The entries below contain pictures, which are to be left out; write out exactly, and only, the lines from the line with "点击添加一笔债权,可以就购买的一个定融产品债权进行申报。" up to and including the line with "Слайд 5В чем".

Dataset records:

■ ■ ■

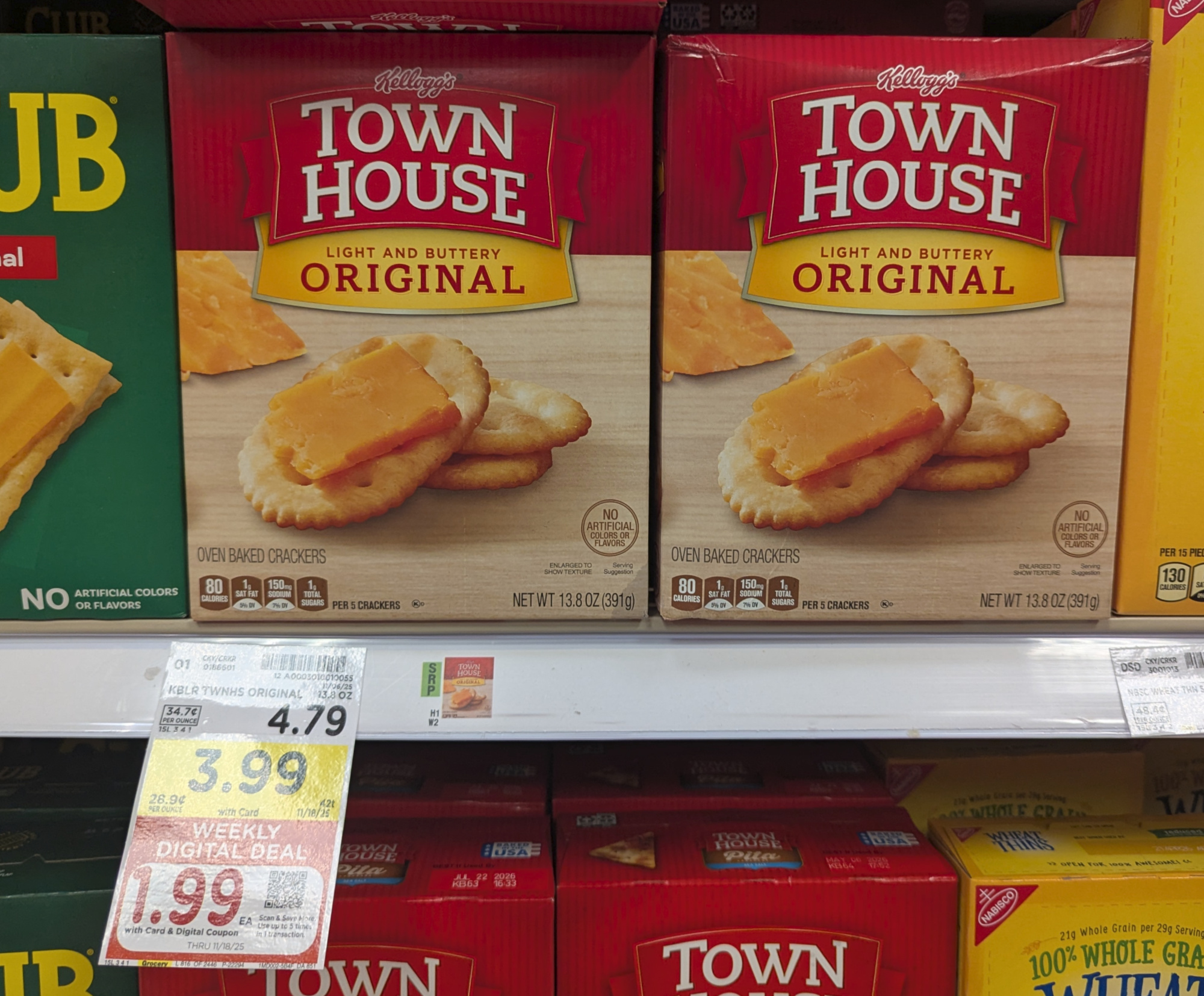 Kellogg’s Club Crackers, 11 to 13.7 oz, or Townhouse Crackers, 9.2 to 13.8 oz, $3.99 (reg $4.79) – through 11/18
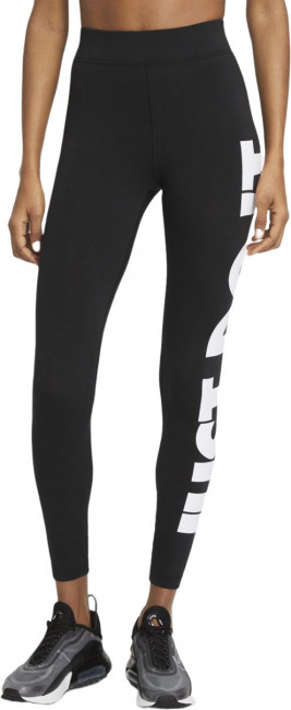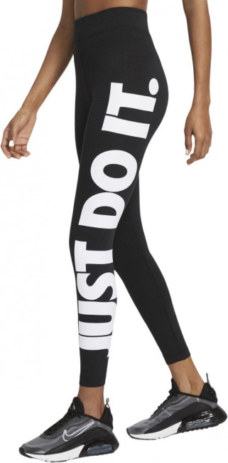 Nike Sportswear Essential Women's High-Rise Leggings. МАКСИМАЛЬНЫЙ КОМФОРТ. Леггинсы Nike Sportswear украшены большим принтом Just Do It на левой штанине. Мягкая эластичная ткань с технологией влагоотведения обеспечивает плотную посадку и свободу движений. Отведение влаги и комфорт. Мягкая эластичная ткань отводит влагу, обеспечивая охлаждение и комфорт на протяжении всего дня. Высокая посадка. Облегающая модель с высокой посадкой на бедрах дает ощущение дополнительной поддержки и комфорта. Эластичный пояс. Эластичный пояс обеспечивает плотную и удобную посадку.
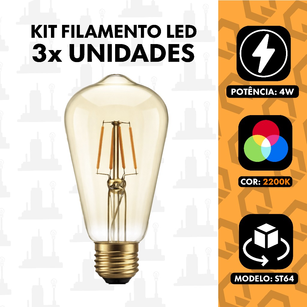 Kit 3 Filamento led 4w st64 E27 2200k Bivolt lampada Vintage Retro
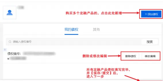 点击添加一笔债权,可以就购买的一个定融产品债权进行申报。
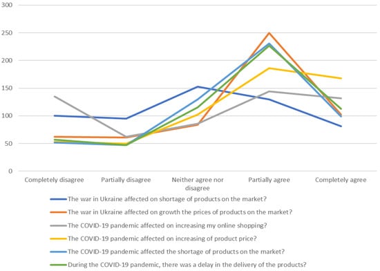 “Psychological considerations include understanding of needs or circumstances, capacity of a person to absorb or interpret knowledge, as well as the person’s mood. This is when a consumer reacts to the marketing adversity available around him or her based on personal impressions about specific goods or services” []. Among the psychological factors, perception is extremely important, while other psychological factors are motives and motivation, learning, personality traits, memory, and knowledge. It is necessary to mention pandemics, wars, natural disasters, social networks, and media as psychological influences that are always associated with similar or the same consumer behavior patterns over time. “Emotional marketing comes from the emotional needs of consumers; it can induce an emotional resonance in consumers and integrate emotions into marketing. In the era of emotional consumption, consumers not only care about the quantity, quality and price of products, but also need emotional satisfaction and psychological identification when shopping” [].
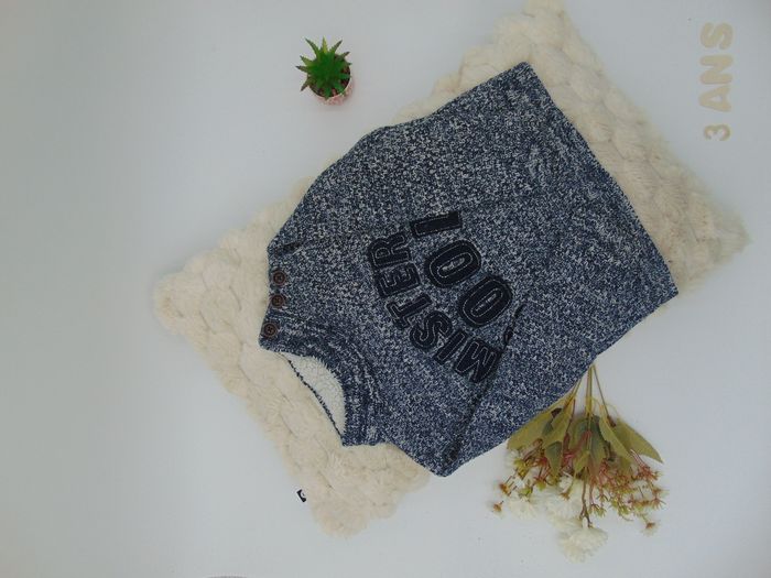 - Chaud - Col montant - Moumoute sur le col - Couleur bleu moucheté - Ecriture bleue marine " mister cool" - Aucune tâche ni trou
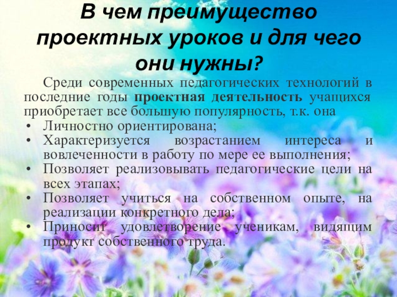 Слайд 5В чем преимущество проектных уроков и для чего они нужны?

■ ■ ■

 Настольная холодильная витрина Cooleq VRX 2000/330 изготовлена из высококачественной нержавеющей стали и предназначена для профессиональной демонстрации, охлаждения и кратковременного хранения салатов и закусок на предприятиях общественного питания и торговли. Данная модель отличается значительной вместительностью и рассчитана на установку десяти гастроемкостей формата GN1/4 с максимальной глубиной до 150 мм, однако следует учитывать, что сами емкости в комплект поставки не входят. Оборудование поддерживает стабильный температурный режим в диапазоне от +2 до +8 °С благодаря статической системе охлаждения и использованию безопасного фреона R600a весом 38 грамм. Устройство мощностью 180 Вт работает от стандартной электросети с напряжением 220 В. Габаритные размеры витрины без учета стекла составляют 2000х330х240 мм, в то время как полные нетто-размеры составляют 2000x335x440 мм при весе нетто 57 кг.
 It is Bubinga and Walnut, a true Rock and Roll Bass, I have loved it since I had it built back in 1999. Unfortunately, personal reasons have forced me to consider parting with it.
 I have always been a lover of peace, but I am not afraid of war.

■ ■ ■

Answer space:
 点击添加一笔债权,可以就购买的一个定融产品债权进行申报。
 “Psychological considerations include understanding of needs or circumstances, capacity of a person to absorb or interpret knowledge, as well as the person’s mood. This is when a consumer reacts to the marketing adversity available around him or her based on personal impressions about specific goods or services” []. Among the psychological factors, perception is extremely important, while other psychological factors are motives and motivation, learning, personality traits, memory, and knowledge. It is necessary to mention pandemics, wars, natural disasters, social networks, and media as psychological influences that are always associated with similar or the same consumer behavior patterns over time. “Emotional marketing comes from the emotional needs of consumers; it can induce an emotional resonance in consumers and integrate emotions into marketing. In the era of emotional consumption, consumers not only care about the quantity, quality and price of products, but also need emotional satisfaction and psychological identification when shopping” [].
 - Chaud - Col montant - Moumoute sur le col - Couleur bleu moucheté - Ecriture bleue marine " mister cool" - Aucune tâche ni trou
 Слайд 5В чем преимущество проектных уроков и для чего они нужны?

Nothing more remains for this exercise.